Reese siguió mirando a Clevenger.
– El bebé era de John Snow, por cierto -dijo Clevenger-. Nos acaba de llegar el análisis genético.
Reese cerró los ojos por un instante.
– George, de verdad creo que deberíamos irnos -dijo LeGrand.
Clevenger quería darle a Reese una información más.
– Su banco era un inversor importante de Snow-Coroway Engineering. Lo sabemos. ¿Realmente fue tan estúpido como para presentarle a su mujer a John Snow? Era un inventor, un genio. A las mujeres les encanta eso.
Reese miró a Clevenger.
LeGrand se levantó.
– George -dijo-. Nos vamos. Ya.
Reese no se movió.
– ¿Vio al instante que acabarían siendo amantes? Dicen que a veces esas cosas pasan, ¿sabe? Que es así de evidente, desde el principio. Mapas del amor, lo llaman. Personas que están predestinadas.
– Para, Frank -dijo LeGrand.
Reese cerró los puños.
– No es una imagen agradable -dijo Clevenger-. Le quitó el dinero y luego a su mujer. Veinticinco millones y a Grace. Tiene que ser irritante. Menudo beneficio obtuvo con la inversión.
Reese se lanzó hacia Clevenger desde el otro lado de la mesa. Éste intentó echarse hacia atrás, pero Reese lo agarró por el cuello de la chaqueta con la mano izquierda y con la derecha le asestó un golpe en el labio y el mentón.

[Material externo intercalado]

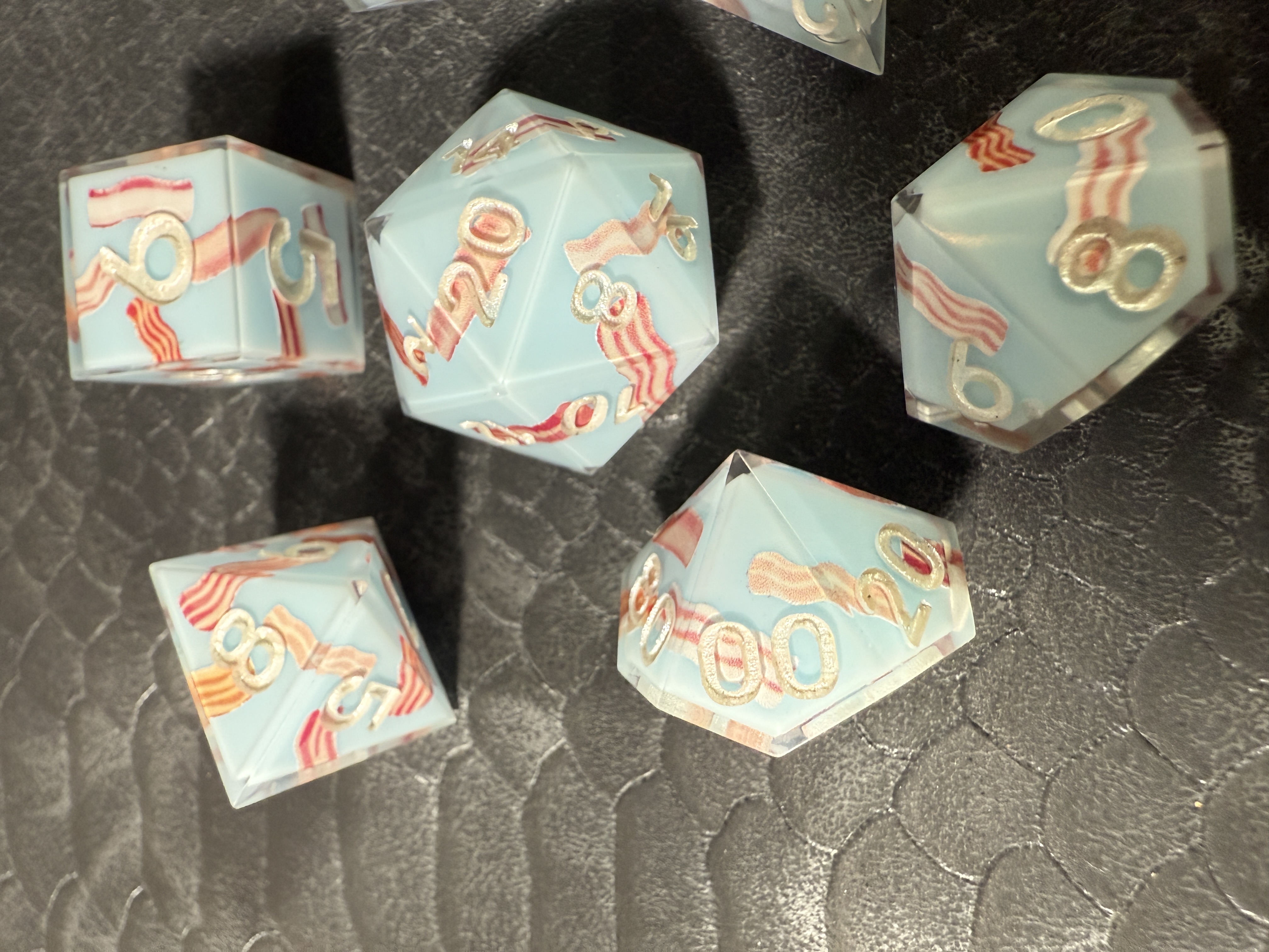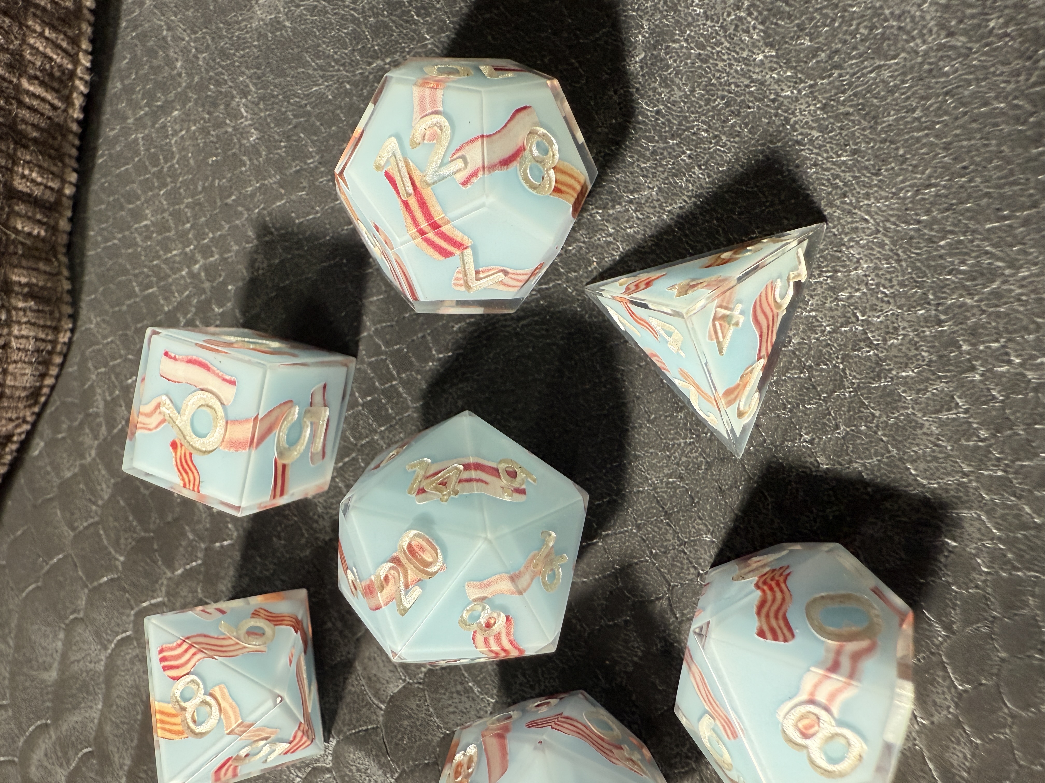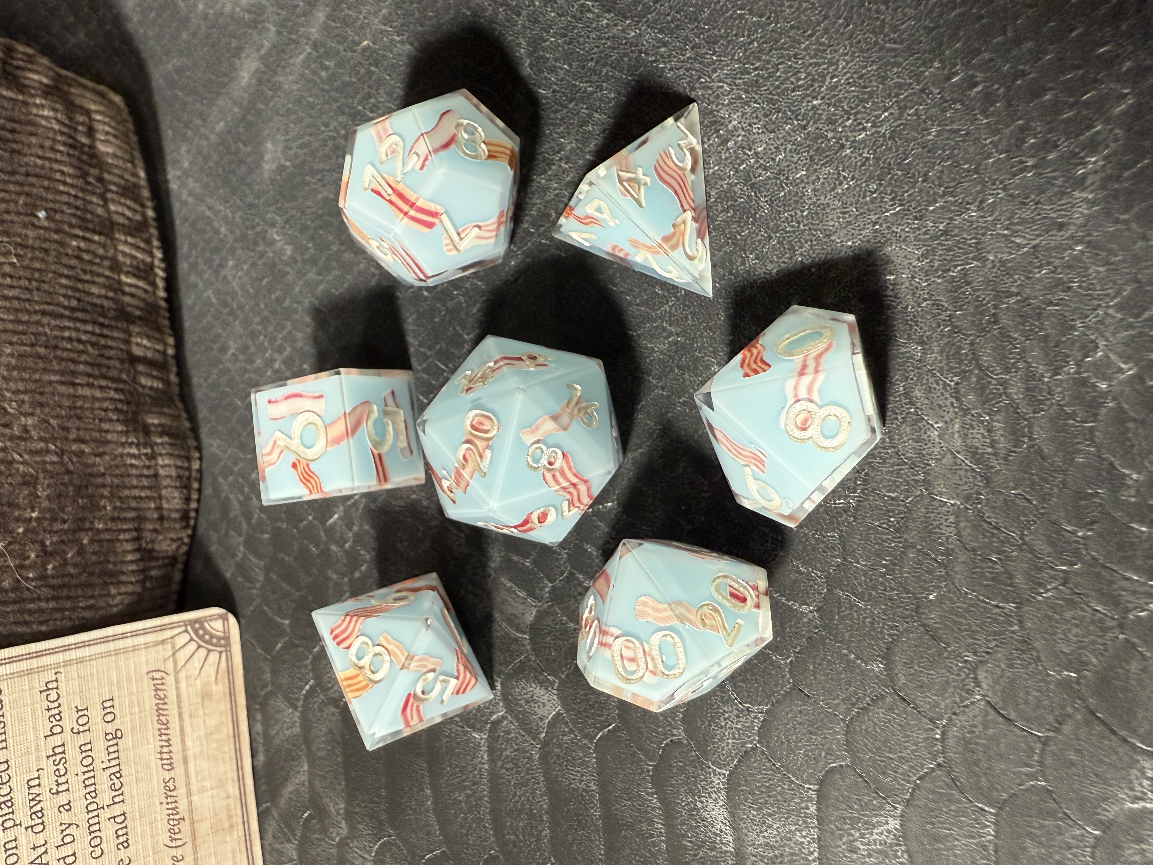 The bag itself is handcrafted from repurposed jean pockets, giving every satchel a rugged, well-traveled charm worthy of any hero’s pack. Inside, you’ll find a bacon-themed mini dice set (D4–D20), a playful nod to the enchantment within.

Clevenger saboreó la sangre. Se quedó mirando a Reese, pero sin intentar zafarse de él.
– Tiene un carácter explosivo, George. ¿Qué dijo Grace para hacer que perdiera los nervios? ¿Le dijo que amaba a Snow, que el hijo que llevaba dentro era suyo?
Reese le golpeó de nuevo, en la frente.
LeGrand intentaba apartar a Reese de la mesa, pero apenas podía mantenerlo al otro lado.
– ¿Quería tener el bebé? -preguntó Clevenger-. ¿Era ella en realidad la que quería dejarle?
Coady entró corriendo en la sala y ayudó a apartar a Reese de la mesa. Miró a Clevenger.
– Se acabó -le dijo-. Quiero verte en mi despacho.
Clevenger no se movió.
Reese intentó soltarse para arremeter otra vez contra él, pero Coady y LeGrand lo sujetaron.
Clevenger miró a Reese fijamente a los ojos.
– ¿Qué coño estás mirando, saco de mierda? -gritó Reese. Tenía el cuello y la cara rojísimos-. ¿Sabes lo que es ver a tu mujer desangrándose? ¿Tienes idea, joder?
– ¡Vete! -le dijo Coady a Clevenger.
Clevenger esperó unos segundos, luego se dio la vuelta y se marchó.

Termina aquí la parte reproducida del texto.